Most broke my heart. They showed mothers and little children hiding behind barns, or cowering inside their homes, with captions like Quick, run and hide! One of his later drawings showed an elderly Jewish man hanging from the gallows while Nazi soldiers watch with amusement. The caption: Honoring the brave WWI veteran. It made me think of my grandfather, whom I never met. A German soldier wounded in the Great War, he was taken to Auschwitz and never seen again. That’s when I decided to dedicate my fourth book to him.

I mentioned in my earlier post the dejection I saw in the people of Bytom, Poland, a former mining town largely ignored by the EU. Images of An Other Europe, another photographic exhibit Allan and I saw in Prague, influenced that observation.

Photographer Constantin Pittas traveled to seventeen countries throughout Europe in the mid- to late-1980s, capturing people in the streets of cities. His stated goal was to “prove that Europe is one entity”.

I believe he failed. Not that his work wasn’t fascinating, but I could tell which side of the Iron Curtain he’d taken photographs by the faces and body language of the people. As in Bytom, I saw desolation throughout the Communist bloc images. In one photo, used for the brochure cover, a middle-aged man walks along a street alone toward the camera at twilight. Bag in hand, his head is tilted down to watch his step, figuratively and literally.

   I don’t see joy, or serenity, or even concern in his face. Only resignation. I’d recognized the Charles Bridge in the background so I knew this had been taken in Prague, but based on the other photographs, I had no doubt the location fell behind the Iron Curtain.

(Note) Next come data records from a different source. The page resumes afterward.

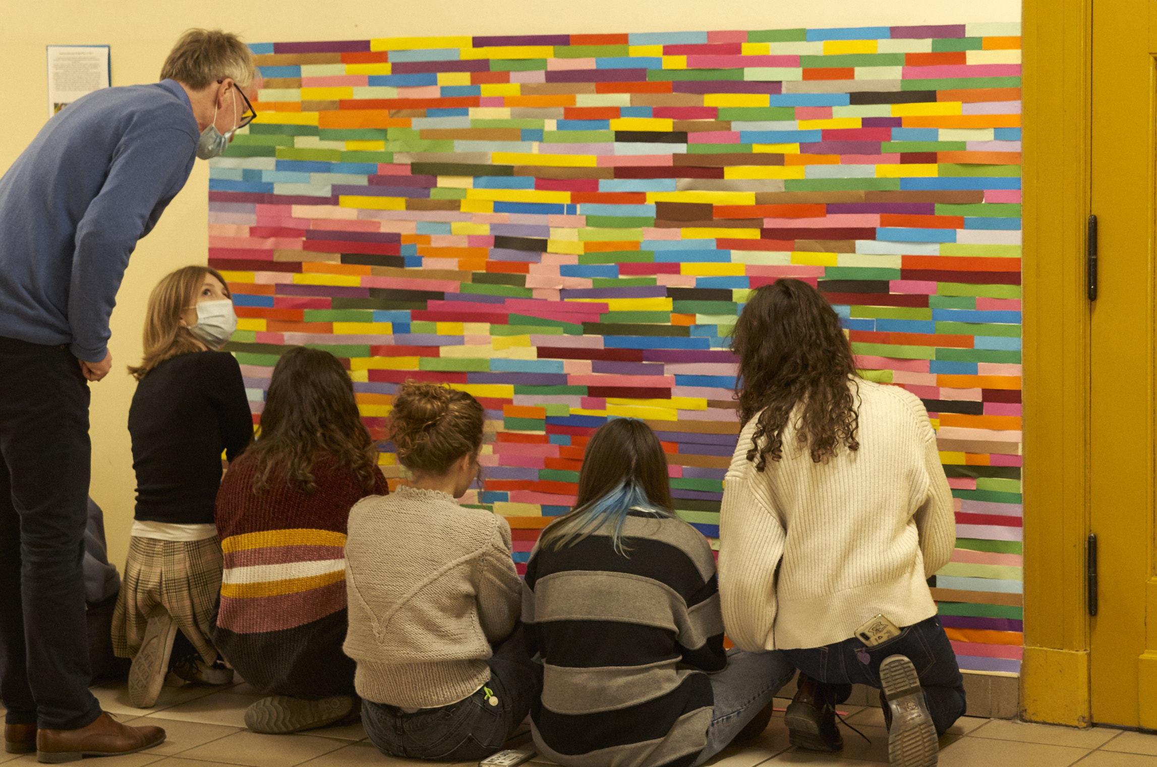 Barwna kompozycja, którą widzicie na fotografiach, złożona z setek poziomych pasków to nawiązanie i hołd dla twórczyni sztuki abstrakcyjnej, artystki brytyjskiej Bridget Riley.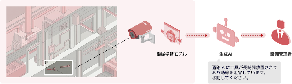「AQ-AIエージェント Facility-Ops」は、既存の監視カメラ映像を活用し、AI(機械学習モデル)が設備や作業環境の状態変化を検知。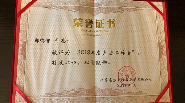 2018年度苏豪控股集团先进工作者-郭鸣智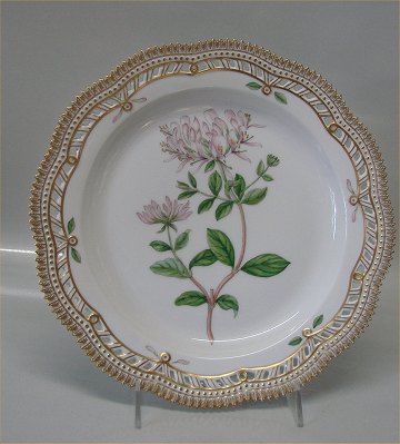 Kongelig Dansk Porcelæn Flora Danica 20-3574 Lonicera Perielymenum L Rundt fad med gennemskåret bort 28,25 cm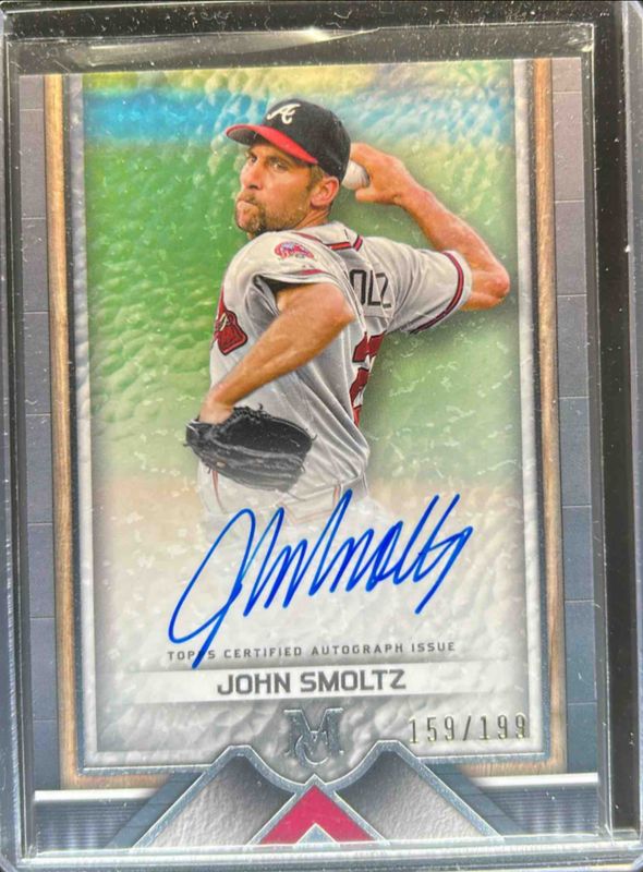 The John Smoltz 2023 Topps Museum Collection #AA-JSM Archival Autographs /299 card is 1 of 18 John Smoltz's card variations in the 2023 Topps Museum Collection set being tracked by Sports Card Investor, including Archival Autographs - Copper /50, Meaningful Materials Relics /50, Meaningful Materials Relics - Copper /35, Archival Autographs - Gold /25, and Meaningful Materials Relics - Gold /25.

Many more showed similar images of people, their emotions constrained. Women standing on line at the market, an elderly woman sitting on a bench. Don’t ask, don’t tell, at least in places like Romania, Hungary, Armenia. People looked so different in Western Europe, where their faces bore the full range of emotions, whether young folks sunbathing on a Mediterranean beach or an elderly Portuguese woman gazing at a drunk lying in the street with a mixture of pity and disgust.

I kept returning to two images, each showing a different young woman with a little smile playing on her lips. In one, the woman sits at the counter of a Parisian café, enjoying a coffee. In the other, the woman turns to glance at a man she’s with. The pure pleasure behind the smile of the coffee drinker, compared to the sadness in the eyes of the woman presumably in love, was strikingly evident.

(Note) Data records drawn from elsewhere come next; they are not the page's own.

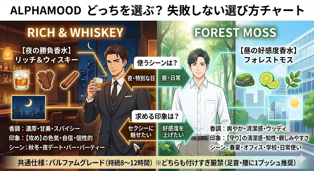 3. 「リッチ&ウィスキー」は夜・秋冬の勝負用、「フォレストモス」は昼・春夏・職場の好感度用。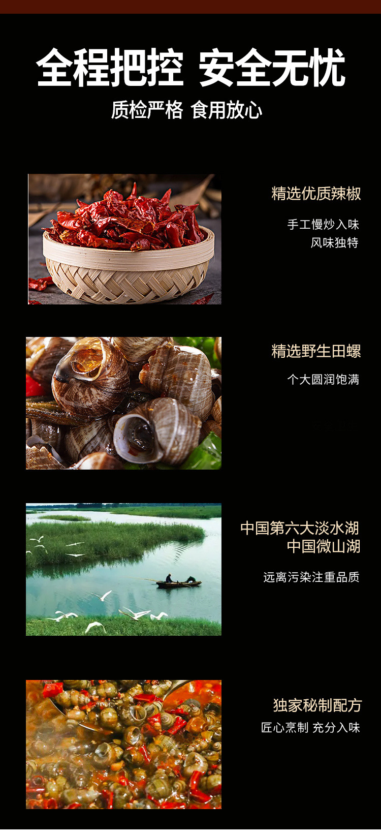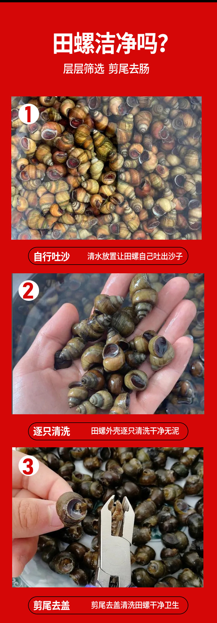 1.好产地产好螺,采用中国第六大淡水湖微山湖的田螺,多层精挑细选,个头均匀饱满,现捞现做。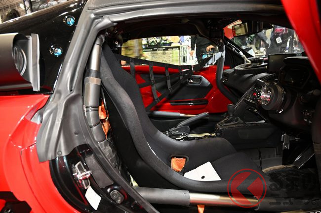 そして今回は、ドアにゼッケンも残る参戦時の姿で展示。さらにドアはシザース式に変更、きらびやかに点滅する灯火類に変更した「ショースタイル」にドレスアップされていました。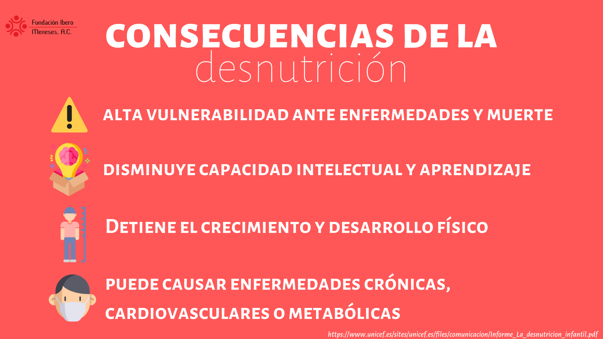 Las consecuencias de la desnutrición infantil son irreversibles, ya que se asocian con retardo en el crecimiento y el desarrollo psicomotor

A series of photos the photographer had taken at the end of his journey, in Berlin, were especially moving. Pittas fortuitously found himself there in 1989, when the wall fell.

There, past and present collided, and  confusion mixed with elation as people tried to grasp what had happened.

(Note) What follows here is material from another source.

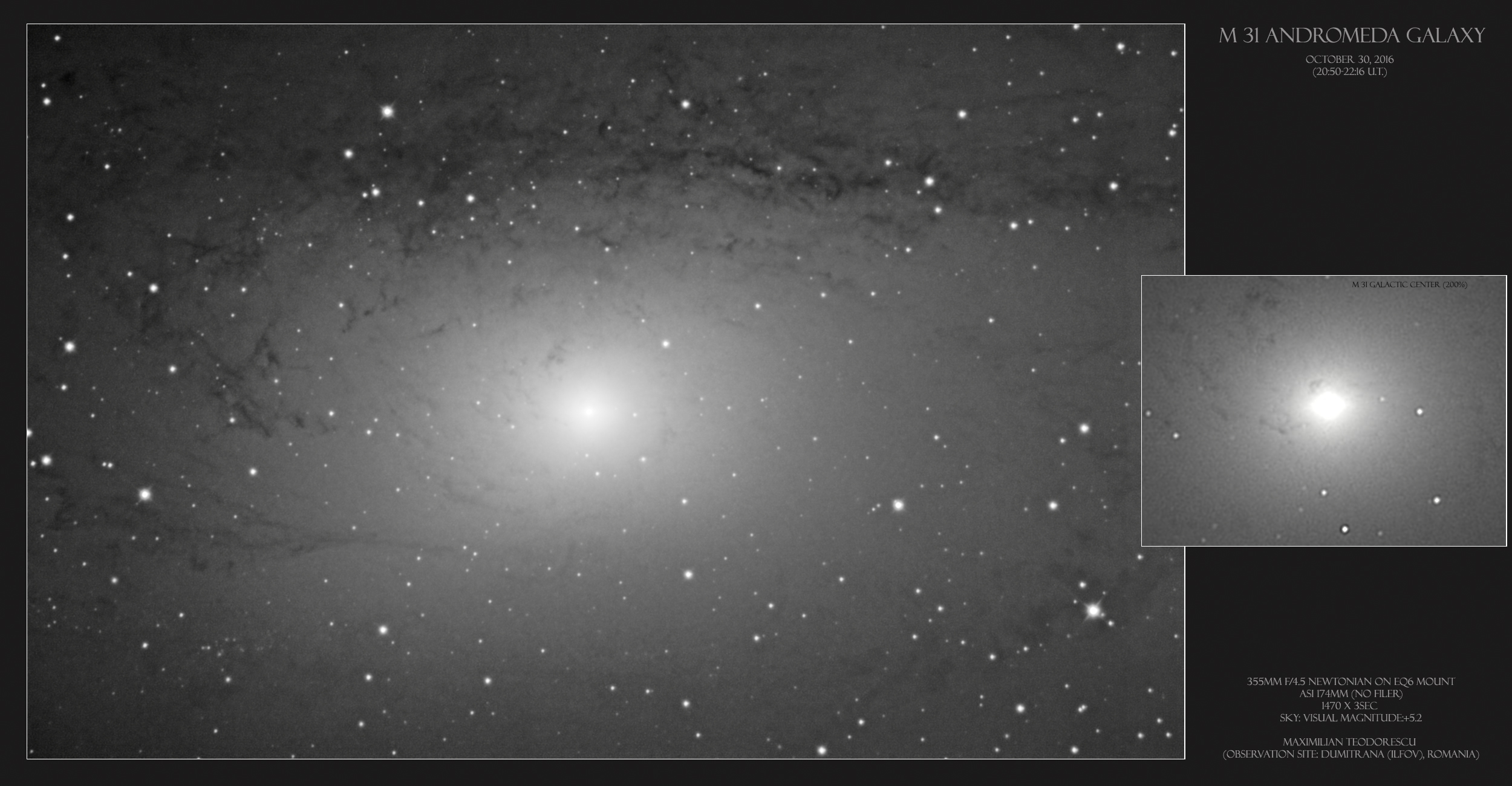 Another “fast-frame” deep sky imaging session. This time the subject was the central part of M 31, the Andromeda Galaxy. There is plenty of dust visible around the image.

However, the photographic image that has stayed with me the longest came from a different time.

Photograph by Constantine Pittas, from exhibition at Clam Gallasův Palác, Prague

After Eastern Europe we continued to Toulouse, France. One of my goals was to visit the Musee de la Resistance & de la Deportation, where I’d hoped to find background information for my current WIP, which covers the years around the second World War. The museum’s focus should be obvious even if you don’t understand French. Despite going through the museum with the objective eye of a researcher, I found it dark and disturbing, until I found this photograph:

Need I say more?

Photograph from the collection of Musee de la Resistance & de la Deportation, Toulouse, France

After Toulouse we spent the final days of our trip in Paris. We’d last stayed there six months before Notre Dame caught fire, and caught a heartbreaking glimpse of the ruined cathedral in 2022. While meandering through the city we once again found a photographic exposition of the decimation of one neighborhood during the Nazi occupation. Heartbreaking, we thought as we approached the cathedral. What other sad sight awaited us.  We turned the corner and saw this:

Photograph by Miriam Johnston

Progress. And hope. A balm for the soul.

Miko Johnston, a founding member of The Writers in Residence, is the author of the historical fiction series, “A Petal in the Wind”, as well as a contributor to several anthologies including the about-t0-be-released “Whidbey Island: An Insider’s Guide”. Miko lives in Washington (the big one) with her rocket scientist husband. Contact her at mikojohnstonauthor@gmail.com

.This article by M. Johnston was posted by Jackie Houchin

16 thoughts on “SHADOWS OF THE PAST, Part Two”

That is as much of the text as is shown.